A flashing beacon began to strobe from the wings of the jet.

“Amazing,” said Volsky. “They're going to be on time.”

“It doesn't pay to make assumptions about Aeroflot, either.”

“They're better now.”

“Russian Darwinism,” said Nowek. “The survival of the luckiest. You know what Americans call it?
Aeroflop.

“Shto?”


Flop.
It means
disaster
in the international language of business.”

A tinny loudspeaker announced the morning Moscow flight.

Volsky grabbed his suitcase and hefted the strap onto his broad miner's shoulder. “Be honest. Could Aeroflot get any worse?”

Nowek had to smile.
BE HONEST: COULD I DO ANY WORSE
? was the slogan Volsky had suggested for Nowek's campaign for mayor of Markovo. It had proven popular. Nowek won the election. But not durable. Russia's economic collapse in 1998 had claimed millions of victims. Nowek had been one of them.
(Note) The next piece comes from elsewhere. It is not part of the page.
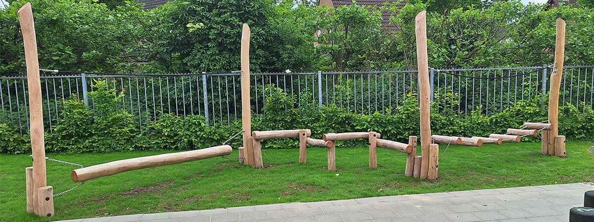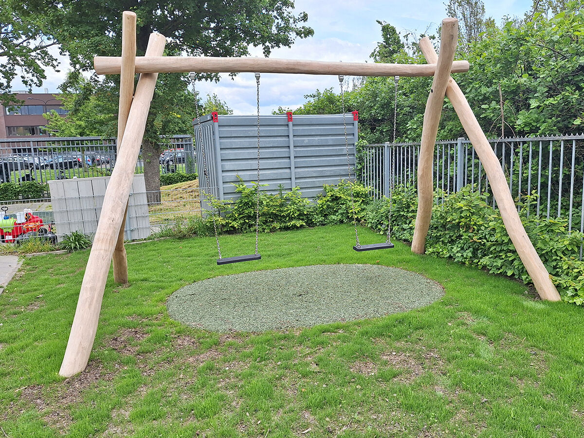 De speelplek van deze kinderopvang heeft een fantastische upgrade gehad! De bestaande speeltoestellen zijn vervangen door moderne en uitdagende structuren die alle kinderen zullen aanspreken. Veiligheid en plezier staan voorop, met de nieuwe schommel, parcourstoestel, blotevoetenpad en klimheuvel. De klimheuvel is voorzien van Tigermulch waardoor deze altijd mooi blijft. Het ontwerp is zorgvuldig samengesteld op basis van de behoeften en wensen van de klant, waardoor het perfect aansluit bij de dagelijkse activiteiten van deze kinderopvang.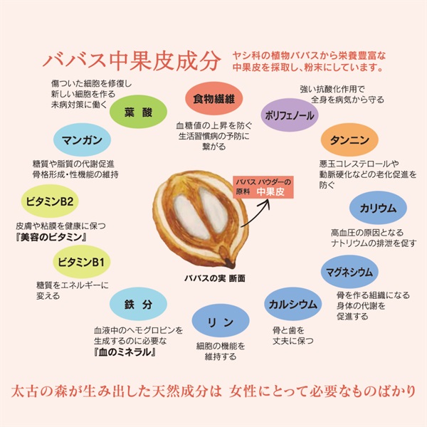 ババスパウダーは、ババス果実の中果皮を乾燥させ粉末加工を施した、

Volsky flashed their official passes to a bored clerk. They walked through the control gate, through a grimy hallway and out into the rain. They skirted a Brownian mass of passengers pushing their way to the plane. The boarding stairs were blocked by a wet, grim stewardess who allowed the Siberian Delegate and his assistant in ahead of the herd.

“Petrov has a lot of power,” said Nowek as they stooped to enter the musty cabin. “You don't become chairman of the State Diamond Committee without friends.”

“No. Petrov has
collaborators
.
I
have friends.”

The rising scream of four jet engines drilled through the cold rain. They dumped their bags in the open compartment in the tail, and found their seats in front. The passengers filled the cabin with the smell of wet wool, cigarettes, dried fish.

The stewardess slammed the hatch shut. The engines roared, the brakes squealed, and the IL-62 trundled off to the long, concrete runway. The engines roared again, louder. A lurch and the big jet began to roll, accelerating, the seams in the concrete a fast staccato, then silence as the ground fell away.

Noisy, inefficient, and cursed with an unquenchable thirst for fuel, the 62 was graceful in its way. The four engines at the tail and slender fuselage gave it the appearance of a long-necked goose in flight. And it was fast: they chased the morning westbound at better than 800 kilometers an hour.